She tried to set the table the way she always had. Fork on the left, knife on the right, napkin folded cleanly beneath the plate. It should have been simple—she had done it a thousand times before—but tonight the knife felt wrong in her hand. Too heavy, maybe. Or maybe she had placed it on the wrong side. She stepped back, squinting at the arrangement, as though the silverware might explain itself if she stared hard enough.
The clock ticked in the hallway. Each sound tugged at her nerves, sharp and steady, as if mocking her hesitation.
She smoothed her skirt and tried again, shifting the utensils, then shifting them back, unable to remember which way was proper. Somewhere, a part of her insisted she knew. She had known once. But the thought drifted away before she could grasp it.
Her husband said she was better now. That the doctors had given her a chance at a calmer life, one free of storms. She wanted to believe him. She wanted to feel steady, useful, the way she had when she used to host the church ladies or prepare Sunday dinners.

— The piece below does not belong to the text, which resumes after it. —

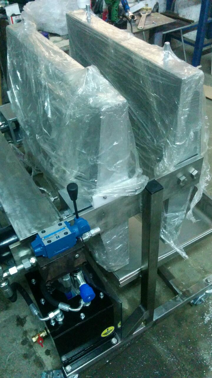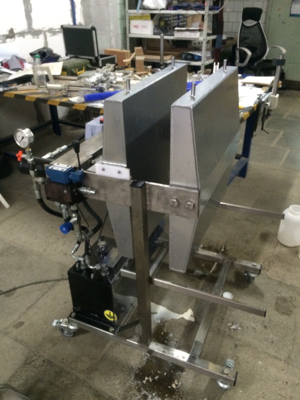 При производстве оборудования для пищевого производства одним из важнейших требований является применение нержавеющей стали марки AISI 304. С помощью данного оборудования заказчик исключил ручной труд в процессе отжима смеси для получения миндального молока. После согласования модели с заказчиком была приобретена гидравлическая система, сварена рама пресса, а также губки пресса с опорной конструкцией внутри, для исключения прогиба рабочей плоскости. Были проведены прочностные испытания в среде SolidWorks.

But now everything slipped. Words caught in her throat, thoughts vanished halfway through. She forgot the names of neighbors she’d spoken to for years. Sometimes she would walk into a room and stop cold, unable to remember why she had entered.
The kettle whistled in the kitchen. She flinched at the sound, heart pounding too fast for such a small thing. Her hands trembled as she laid the last fork, the whistle growing shrill, unbearable.
She pressed her palms to her temples. She wanted to call for her husband, to ask him what to do, but the words felt tangled. She wanted to be a good wife, to make everything neat and right again. Instead, she stood frozen at the table, confused, the sharp whistle filling the house like a scream she couldn’t answer.